'Location Wars': What Does Geocentric Tech Mean for You?

?Location Wars?: What Does Geocentric Tech Mean for You?

Want to know what's top of the mind for geeks around the country right now?

Your location.

The hottest topic at the South by Southwest Interactive conference in Austin, an annual fest for all things social media that wrapped up Tuesday, was location-based services, or more to the point, apps that will let you do anything from finding a friend on a Friday night to navigating the globe using 3-D map technology.

Startups from all over the world pitched mobile applications that use GPS and other location data from cell phones to help consumers socialize, shop, game, date and engage in countless other activities.

With whimsical names like Loopt, Foursquare, Whrrl and Gowalla, they came out in full force, trying to win what some are calling the "location wars." Better known companies are in on it too. Twitter recently added a location feature and Facebook is expected to add one soon.

"Your mobile devices are getting smarter, so even a base phone you get for free when you sign up with your mobile carrier will have GPS capabilities. The phone has the ability to at least some degree tell you where the phone's at, which makes it easy to tell the apps on the phone where you're at and what you're doing," said Josh Babetski, an evangelist and product manager for MapQuest.

That extra layer of "slice of life" data, he said, could help unlock the potential of social networks, mobile technology and more.

Here are a few ways the future of location-based technology could affect you:

Finding Your Friends and Keeping Track of Family

Some of the most popular location-aware applications revolve around broadcasting your location in real-time to friends and family.

When you walk into a place -- say a hot party or new restaurant -- you pull up your app of choice and "check in" to send an alert to others in your network, letting them know that you've arrived. Some services like Foursquare and Gowalla (two of the major players in the geo-social space) have turned the activity into a game, so you earn points or other kinds of rewards the more you check in.

You can also scroll through your list of friends on the network to see if they're close by and what they're saying.

Locating friends and family while you're out and about could not only be valuable in itself, but location-based networks could also clue you in to what's happening at places you've considered checking out.

Babetski said that seeing what others are saying about a place they're visiting could be very helpful.

"What's more interesting -- going to a pizza place and seeing 3.5 stars out of 18 reviews, or reading social comments of people who are there eating, or just recently ate there and said, 'Oh my God, I found a hair in my pizza?'" he asked.

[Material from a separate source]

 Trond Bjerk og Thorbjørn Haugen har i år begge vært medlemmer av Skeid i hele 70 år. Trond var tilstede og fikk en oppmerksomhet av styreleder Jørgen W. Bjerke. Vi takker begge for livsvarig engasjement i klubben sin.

While checking in is still a relatively new concept (FourSquare has reportedly about 500,000 users, Gowalla has about 100,000), Babetski said it could become ubiquitous by the end of the year.

Steve Lee, a Google product manager responsible for many of the company's mobile and location-based products, said the technology could also help families keep track of loved ones. As he travels around the world for work, he said his family can follow him on Google Latitude to virtually see what he's up to.

"[My mom] can check my location on Google Maps to see when I've arrived and that I've gotten there safely," he said. "It's also a great conversation starter."